Но все же его любили и боялись все, кроме Л. М. Леонидова. Со свойственным ему бешеным темпераментом и несдержанностью Леонидов приводил в ужас Станиславского.
Одна из трудных сторон работы со Станиславским была еще и та, что, создавая свою систему, он часто менял ее, забывая о том, что говорил вчера.
— Какой дурак сказал вам это? — спрашивал он иногда с негодованием о том, что сам же преподал нам еще накануне.
Очарователен был Станиславский, когда он показывал актерам, как надо играть. Тут он давал свободу своему таланту. Правда, фантазия его иногда незаметно для него самого уводила его далеко от темы, и он начинал показывать сцены, вовсе не существующие в пьесе, но все это было так хорошо и талантливо, что его никогда не останавливали и не возвращали к теме.
Постановка «Ревизора» удалась, имела успех, и он сам любил смотреть этот спектакль. Он громко смеялся, сидя в зрительном зале. То смех его слышался раньше, чем следует (он ведь знал, что сейчас будет), то запаздывал, выжидая реакции публики. Иногда он смеялся один на мелкие детали, выдуманные им во время репетиции и не доходившие до сознания публики.

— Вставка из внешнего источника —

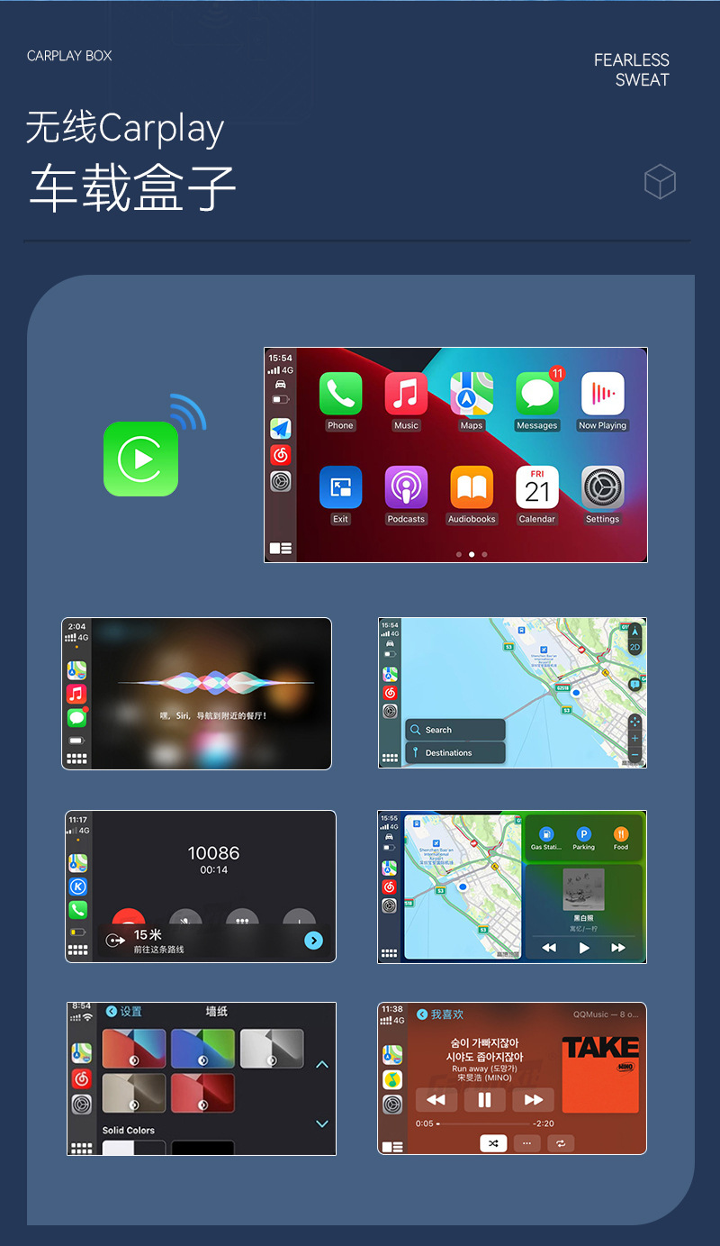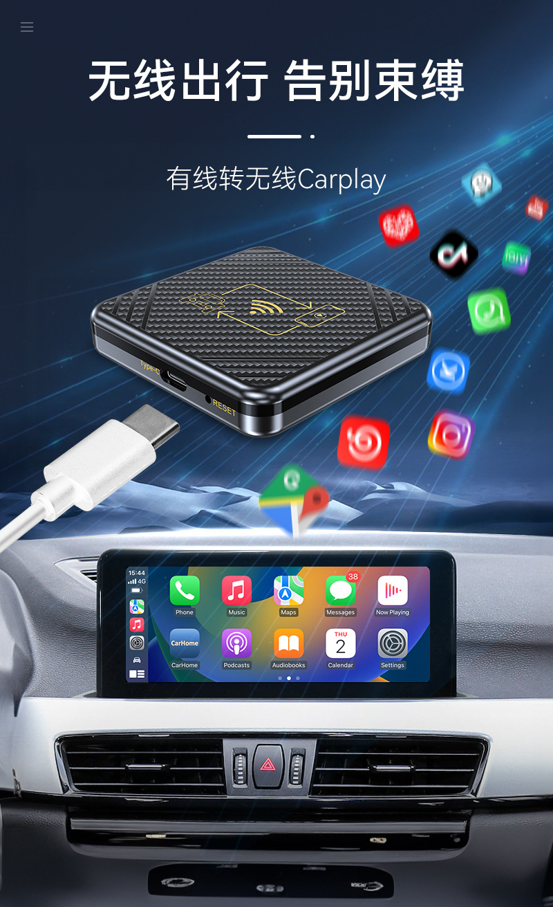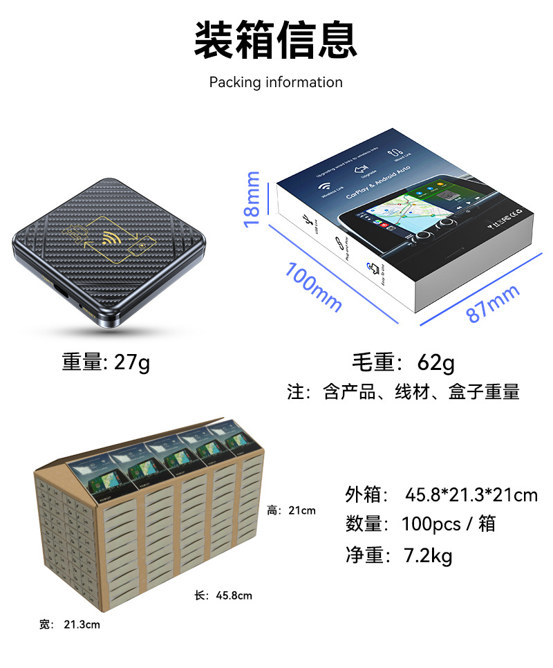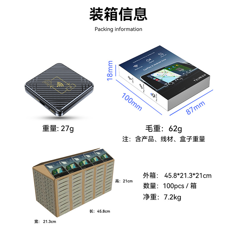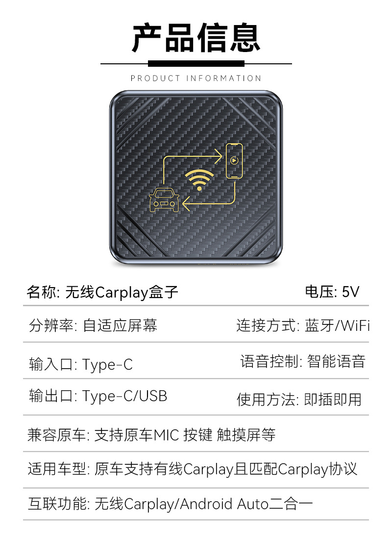 Беспроводная связь Carplay plus Android Auto 2-в-1 (золотая шелковая ширма) подходит только для зарубежных систем; Беспроводная связь Carplay plus Android Auto 2-в-1 (белый шелкографический экран) подходит только для зарубежных систем

Из педагогических соображений после каждого акта он заходил ко мне в уборную и, если я играл хорошо, говорил:
— Ужасно! Никому не нужно! Три копейки! Надо все сначала репетировать.
Или, когда я плохо играл, он входил ко мне с неестественной улыбкой и, не глядя в глаза, говорил:
— Очень хорошо. Просто хорошо. Роль растет. Поздравляю.
В первом случае он боялся, чтобы я «не зазнался», во втором — чтобы «не упал духом».
Однажды (в частной жизни), желая удержать меня от неправильного поступка, он сказал мне несколько сердечных слов о Боге. Я ответил ему какой-то атеистической пошлостью, и он с сожалением и легким презрением взглянул на меня. Этого взгляда я не забыл еще и сейчас. В другой раз он передал мне поклон от того психиатра, который на консилиуме неуважительно отозвался о Шопенгауэре. Я сказал, что профессор этот глуп и что я не люблю его.
Станиславский вдруг со злобой, которой я раньше не видел у него, резко сказал:
— А кого вы любите?! — и отвернулся от меня.
О Хлестакове и об Эрике много писали и говорили. Мне часто приходилось слышать на улицах разговоры о себе.
— Если Чехов будет так же играть и дальше, — услышал я однажды, — то он непременно сойдет с ума.
Эта фраза врезалась в мое сознание, я почувствовал, что теряю душевное равновесие, и стал бороться с этой фразой как с живым существом. Через некоторое время под влиянием возвратившихся болезненных ощущений я стал заикаться. Придя к Станиславскому, я сказал ему, что играть, по всей вероятности, больше не смогу. Выслушав меня, он встал и сказал:
— В тот момент, когда я открою окно, вы перестанете заикаться.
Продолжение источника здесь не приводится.